Глаза моего близнеца полны большего сожаления, чем я когда-либо видела в них, когда он говорит:
— Я сказал ему держаться подальше от тебя. Сказал, что, если он когда-нибудь попытается поговорить с тобой после того, что сделал… и что Мэйсон Ларсон наш старший брат, и он переломает Шону все
Я пристально смотрю на него. Что-то в глубине моего живота закипает, и я чувствую это по тому, как кровь начинает шипеть под кожей.
— Я думал, что помогаю. Думал…
— Ты думал, что помогаешь? — шиплю я, и Кэл ломается.
— Я не думал, что ты ему небезразлична… Но, Кит, я видел, каким он был с тобой сегодня вечером, и…
— Убирайся, — приказываю я, и мой голос холодом отдается в комнате.
— Кит… — умоляет Кэл.
— Убирайся отсюда!
От моего гнева он отступает на шаг назад.
— Пожалуйста. Просто позволь мне…
— УБИРАЙСЯ ОТСЮДА! — Вскакиваю с кровати и лечу прямо на него. — УБИРАЙСЯ, УБИРАЙСЯ, УБИРАЙСЯ! — кричу я ему в лицо, отталкиваю в дальний конец комнаты и тянусь за ним, чтобы отпереть дверь. Когда распахиваю ее, попадаю Кэлу в бок, и я толкаю его, пока он не оказывается в коридоре. Я снова и снова кричу ему, чтобы он убирался, пока дверь не захлопывается между нами.
Защелкиваю замок и смотрю туда, где, я уверена, лицо Кэла, и вероятно, он все еще смотрит по другую сторону, зная, что остальные жильцы дома скорее всего, вероятно, уже поднимаются наверх, чтобы потребовать, чтобы я открыла дверь и объяснилась. Но вот я уже у окна, распахиваю его и перелезаю через подоконник.
Я не думаю. Просто прыгаю. И на земле мои ноги в носках отчаянно бегут через лужайку — в темноту, мимо домов, деревьев, границ, которые я никогда не пересекала.
Я бегу, пока не иссекают силы. Пока не перестаю дышать, думать или чувствовать. Я бегу, пока не теряюсь.

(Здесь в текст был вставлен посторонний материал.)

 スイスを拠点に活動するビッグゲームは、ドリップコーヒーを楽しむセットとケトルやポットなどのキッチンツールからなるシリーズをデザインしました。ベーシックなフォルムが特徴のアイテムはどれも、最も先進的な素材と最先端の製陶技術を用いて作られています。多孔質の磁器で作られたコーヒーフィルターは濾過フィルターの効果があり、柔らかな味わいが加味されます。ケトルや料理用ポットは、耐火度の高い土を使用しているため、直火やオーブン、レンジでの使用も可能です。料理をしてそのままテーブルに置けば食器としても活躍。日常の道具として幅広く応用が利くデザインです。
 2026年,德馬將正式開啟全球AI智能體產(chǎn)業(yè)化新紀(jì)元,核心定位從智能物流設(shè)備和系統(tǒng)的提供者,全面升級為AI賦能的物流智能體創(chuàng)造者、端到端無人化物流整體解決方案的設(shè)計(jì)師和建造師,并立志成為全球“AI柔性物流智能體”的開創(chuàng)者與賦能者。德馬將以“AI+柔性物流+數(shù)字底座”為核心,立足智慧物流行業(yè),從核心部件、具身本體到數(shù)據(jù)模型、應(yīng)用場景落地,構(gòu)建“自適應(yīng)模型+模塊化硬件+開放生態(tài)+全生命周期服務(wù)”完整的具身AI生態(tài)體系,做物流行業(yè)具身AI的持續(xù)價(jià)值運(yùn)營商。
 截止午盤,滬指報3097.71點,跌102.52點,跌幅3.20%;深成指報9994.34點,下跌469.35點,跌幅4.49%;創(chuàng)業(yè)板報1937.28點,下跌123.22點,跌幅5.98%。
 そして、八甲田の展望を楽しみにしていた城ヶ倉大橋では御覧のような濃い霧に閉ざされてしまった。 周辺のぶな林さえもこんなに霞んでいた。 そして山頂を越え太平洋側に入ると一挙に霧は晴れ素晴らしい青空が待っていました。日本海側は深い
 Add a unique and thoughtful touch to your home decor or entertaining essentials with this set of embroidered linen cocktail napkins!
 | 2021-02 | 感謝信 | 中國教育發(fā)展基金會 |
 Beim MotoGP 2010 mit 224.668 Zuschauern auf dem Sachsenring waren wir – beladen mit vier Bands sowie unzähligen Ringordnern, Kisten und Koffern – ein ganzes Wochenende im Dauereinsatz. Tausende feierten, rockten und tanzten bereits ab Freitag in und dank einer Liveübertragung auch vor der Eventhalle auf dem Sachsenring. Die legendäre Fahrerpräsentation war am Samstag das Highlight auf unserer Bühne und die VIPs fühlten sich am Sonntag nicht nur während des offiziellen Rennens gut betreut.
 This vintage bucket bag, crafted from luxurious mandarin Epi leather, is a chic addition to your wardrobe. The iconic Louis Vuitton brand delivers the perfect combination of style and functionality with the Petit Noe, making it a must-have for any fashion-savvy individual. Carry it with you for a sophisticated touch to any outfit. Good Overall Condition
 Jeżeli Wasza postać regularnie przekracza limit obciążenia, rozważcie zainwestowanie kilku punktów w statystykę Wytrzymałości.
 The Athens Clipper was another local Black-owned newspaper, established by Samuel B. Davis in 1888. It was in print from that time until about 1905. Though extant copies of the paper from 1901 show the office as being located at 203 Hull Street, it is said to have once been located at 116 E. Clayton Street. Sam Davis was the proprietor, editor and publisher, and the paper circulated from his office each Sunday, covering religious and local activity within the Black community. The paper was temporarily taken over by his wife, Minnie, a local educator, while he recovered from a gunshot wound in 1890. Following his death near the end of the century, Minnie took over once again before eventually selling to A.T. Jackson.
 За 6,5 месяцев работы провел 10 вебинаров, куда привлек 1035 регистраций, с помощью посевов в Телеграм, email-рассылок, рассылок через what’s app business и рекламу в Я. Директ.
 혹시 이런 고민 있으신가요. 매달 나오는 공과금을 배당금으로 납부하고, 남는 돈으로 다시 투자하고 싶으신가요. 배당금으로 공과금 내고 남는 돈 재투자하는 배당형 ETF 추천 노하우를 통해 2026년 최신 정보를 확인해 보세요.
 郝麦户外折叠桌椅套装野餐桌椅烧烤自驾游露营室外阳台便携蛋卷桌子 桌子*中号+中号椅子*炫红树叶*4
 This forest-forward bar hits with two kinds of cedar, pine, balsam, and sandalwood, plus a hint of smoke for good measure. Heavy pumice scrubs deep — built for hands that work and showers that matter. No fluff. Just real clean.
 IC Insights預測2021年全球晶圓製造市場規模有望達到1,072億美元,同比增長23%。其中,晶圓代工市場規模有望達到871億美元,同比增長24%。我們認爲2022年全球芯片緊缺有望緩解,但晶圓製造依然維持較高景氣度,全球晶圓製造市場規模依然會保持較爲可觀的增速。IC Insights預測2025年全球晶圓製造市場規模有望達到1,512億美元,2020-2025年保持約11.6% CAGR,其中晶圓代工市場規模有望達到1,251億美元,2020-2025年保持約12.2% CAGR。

А потом разваливаюсь на части.
ГЛАВА ДВАДЦАТЬ ПЕРВАЯ
Я просыпаюсь с комаром, пытающимся заползти мне в нос, камнем, впивающимся в селезенку, и Лэти… стряхивающим муравья с бревна, на котором сидит, при этом выглядя совершенно неуместно посреди того места, где я, черт возьми, заснула прошлой ночью.
— Это не входит в мои должностные обязанности лучшего друга третьей степени, — сообщает он, его золотистые глаза совершенно серьезны, когда они поворачиваются ко мне. — На случай, если ты не заметила, — он показывает на свою винтажную футболку с Громокошками, выцветшие джинсы и ярко-розовые конверсы, — я совсем не создан для единения с природой.
Со стоном потираю свою затекшую спину и сажусь. Кожу лица стянуло от высохших на солнце слез, а спутанные черно-фиолетовые волосы превратились в настоящее гнездо, полное сухих листьев, и не сомневаюсь, что там целая армия жутких ползучих тварей. Опускаю голову и изо всех сил стараюсь пальцами расчесать волосы.
— Что ты здесь делаешь? — спрашиваю я, все еще уткнувшись носом в землю. Мой голос охрип от ночных рыданий, и я слышу, как Лэти вздыхает.
— Пришел тебе на помощь? — предлагает он. — Я изображаю Робин Гуда или что-то в этом роде.